Alternatively, this parameter can be set to * to allow DSS to impersonate all cluster users (effectively disabling this extra security check).

The hadoop.proxyuser.dssuser.hosts parameter should be set to the fully-qualified host name of the server on which DSS is running. Alternatively, this parameter can be set to * to allow all hosts (effectively disabling this extra security check).

Make sure Hadoop configuration is properly propagated to all cluster hosts and to the host running DSS. Make sure that all relevant Hadoop services are properly restarted.

With Cloudera Manager

(NB: This information is given for information purpose only. Please refer to the official Cloudera documentation for your Cloudera version)
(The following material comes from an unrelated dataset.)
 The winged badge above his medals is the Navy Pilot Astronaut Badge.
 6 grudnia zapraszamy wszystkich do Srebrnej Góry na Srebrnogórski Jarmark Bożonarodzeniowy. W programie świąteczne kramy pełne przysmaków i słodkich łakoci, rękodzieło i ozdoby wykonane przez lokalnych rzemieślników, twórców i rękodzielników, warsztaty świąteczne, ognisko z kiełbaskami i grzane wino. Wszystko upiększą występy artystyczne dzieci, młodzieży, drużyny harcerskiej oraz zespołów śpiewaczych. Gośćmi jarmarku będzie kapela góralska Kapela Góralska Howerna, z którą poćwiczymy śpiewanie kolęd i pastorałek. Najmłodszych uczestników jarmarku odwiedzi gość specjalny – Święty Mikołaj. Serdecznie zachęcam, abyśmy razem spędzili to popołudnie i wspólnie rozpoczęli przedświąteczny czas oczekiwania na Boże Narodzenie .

  • In Cloudera Manager, navigate to HDFS > Configuration and search for “proxyuser”
  • Add two new keys in the “Cluster-wide Advanced Configuration Snippet (Safety Valve) for core-site.xml” section.
    • Name: hadoop.proxyuser.dssuser.groups
    • Value: comma-separated list of Hadoop groups of your end users, plus hive, impala
    • Name: hadoop.proxyuser.dssuser.hosts
    • Value: fully-qualified DSS host name, or *
  • Save changes
  • At the top of the HDFS page, click on the “Stale configuration: restart needed” icon and click on “Restart Stale Services” then “Restart now”

With Ambari

(NB: This information is given for information purpose only. Please refer to the official Hortonworks documentation for your HDP version)
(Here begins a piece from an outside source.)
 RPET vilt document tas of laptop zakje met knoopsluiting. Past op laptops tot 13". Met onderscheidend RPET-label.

  • In Ambari, navigate to HDFS > Configs > Advanced, and search for “proxyuser”
  • In “Custom core-site”, add two new properties:
    • Key: hadoop.proxyuser.dssuser.groups
    • Value: comma-separated list of Hadoop groups of your end users, plus hadoop
    • Key: hadoop.proxyuser.dssuser.hosts
    • Value: fully-qualified DSS host name, or *
  • Save changes, enter a description
  • On the “Restart required” warning that appears, click “Restart” and “Restart all affected”

Cloudera additional setup for Impala

If you plan on using Impala, you must perform an additional setup because Impala does not use the regular proxyuser mechanism.

  • In Cloudera Manager, go to Impala > Configuration
  • In the Impala Daemon Command Line Argument Advanced Configuration Snippet (Safety Valve) setting, add: authorized_proxy_user_config=dssuser=enduser_group_1,enduser_group_2,...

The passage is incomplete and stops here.